*Geek Box: Correlation, Confounding, & Control

*Geek Box: Confounders, Correlations, and Control

There is a tendency when it comes to interpreting epidemiological findings to dismiss any related factor between an exposure and and outcome as a “confounder”. This ranges from over simplistic, to plain wrong.

In order to be a confounder, a variable has to be associated with the exposure but not caused by it, and independently associated with the outcome. For example, an analysis looks at coffee as the exposure and heart disease as the outcome, and finds a strong association; but high coffee drinkers in the study are also heavy smokers. Coffee does not cause smoking, but they are related behaviours. In this case, controlling for smoking means the relationship between coffee and heart disease is not longer evident, i.e., smoking was the confounder.

Many of the factors that we deem ‘confounders’ may in fact only be correlated behaviours or variables. The question to ask from a nutritional perspective is whether the dietary association is independent of non-dietary related lifestyle factors. We can determine this through appropriate control of known variables which may be correlated with diet, like socio-economic status, alcohol intake, or BMI. These variables are not inherently confounders; it depends on what the exposure-outcome relationship is that we’re looking at.

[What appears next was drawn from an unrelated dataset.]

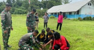 PORTALINDONEWS.COM – Kabupaten keerom – Personel Pos Ujung Karang Satgas Yonif 122/TS ternyata mampu membuat siswa SMA YPK perbatasan lebih senang dalam belajar dengan cara belajar di luar kelas dengan cara mengajak anak anak dan guru guru cinta, peduli dan damai pada lingkungan, dengan cara menanam pohon bersama sama, itulah …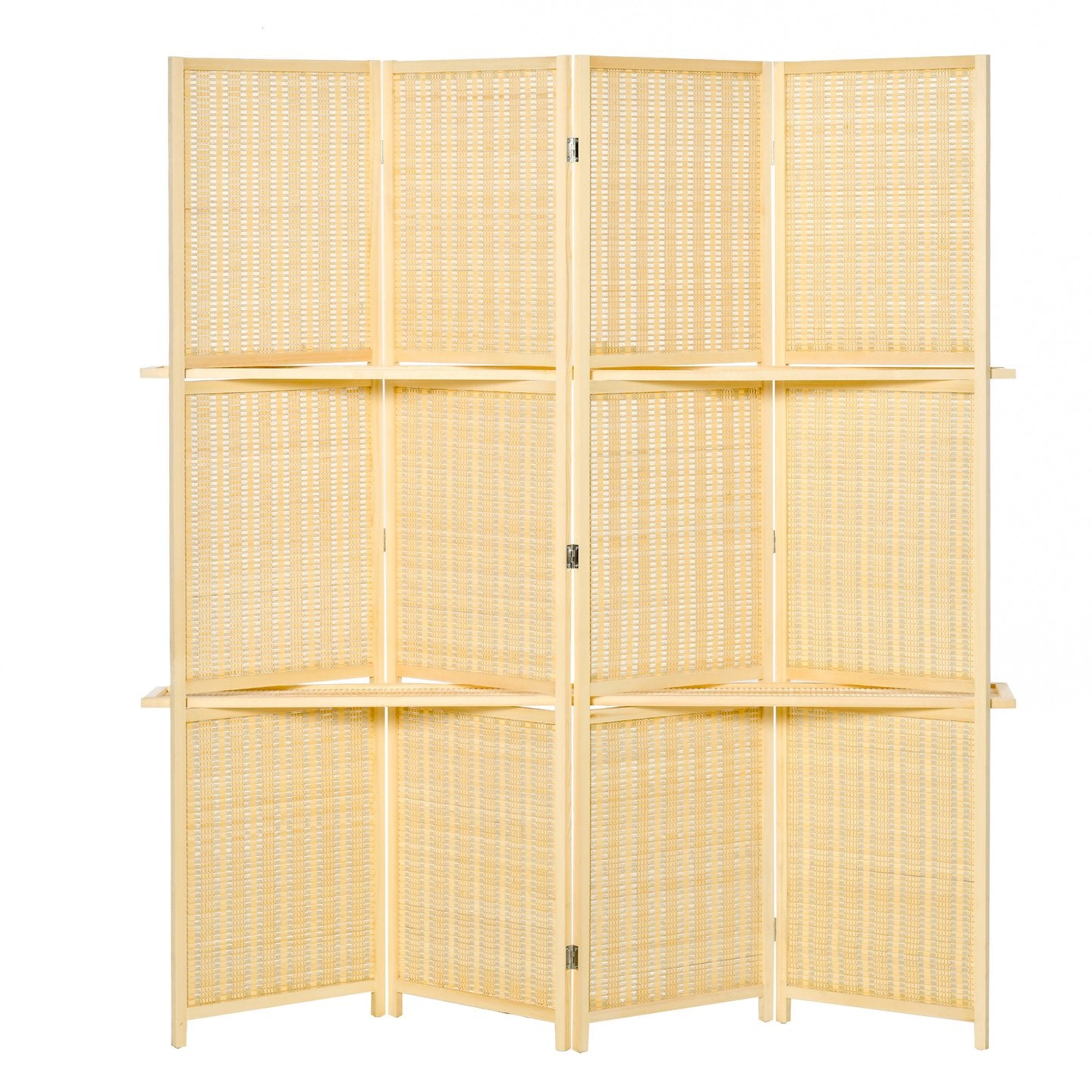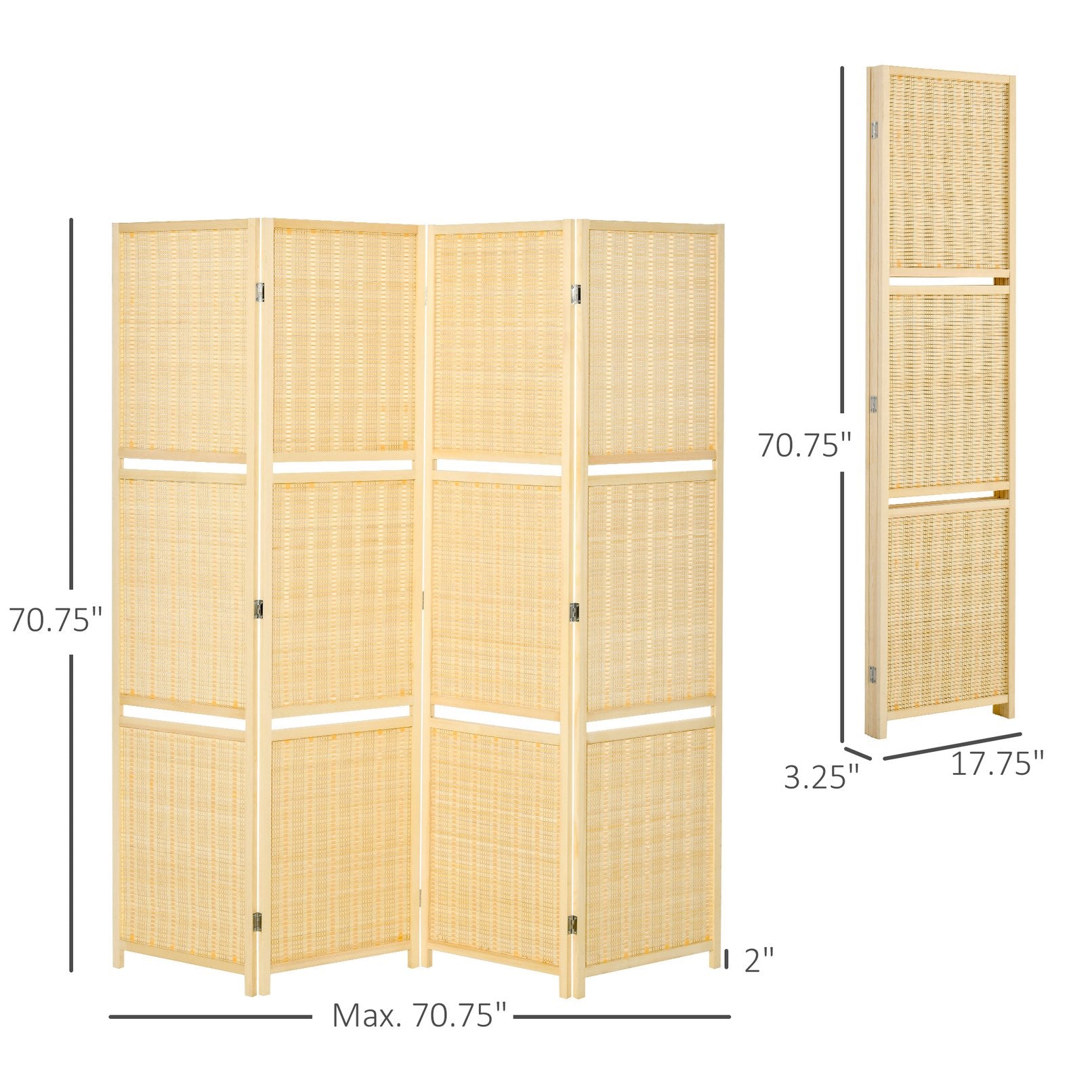 Bring warmth, texture, and flexible privacy to any room with this 4-panel folding bamboo screen. Handcrafted with a solid wood frame and woven bamboo panels, it combines rustic charm with practical design—perfect for dividing living areas, creating a private workspace, or adding an attractive backdrop to a bedroom or office. The freestanding, hinged construction folds for easy setup and compact storage, while elevated feet improve airflow and protect against moisture.

A common misconception reading such a list of covariates is to assume that all are confounders, however, this is incorrect; there are distinct differences between confounders [i.e., smoking], and moderating or mediating factors [i.e., fibre, fruit]. A general lack of understanding for the differences between such variables in widespread in discourse surrounding nutritional epidemiology.

A fundamental difference is that a confounder may have direct relationship with the outcome, while a moderating factor may influence the size of the effect and the full operation of a cause-effect relationship, however, it does not invalidate that a relationship exists between the exposure and the outcome.

If these were true confounders, then once they are adjusted for in the statistical analysis, the exposure-outcome relationship would no longer be evident. If the exposure-outcome relationship survives this adjustment, then it indicates that the effect of the exposure on the outcome is independent of these related non-dietary variables. While the caveat of epidemiology is always that “residual confounding cannot be ruled out”, in reality it can’t be ruled out in an RCT either, it’s simply that randomisation is deemed to equally distribute unknown variables between an intervention and control group.

The reality is that residual confounding implies there is something we don’t know which could influence the results, which is always true; what is important to remember is that there is a lot we do know, and we can build that into an adjustment model to control for these variables. Remember: correlation does not imply confounding.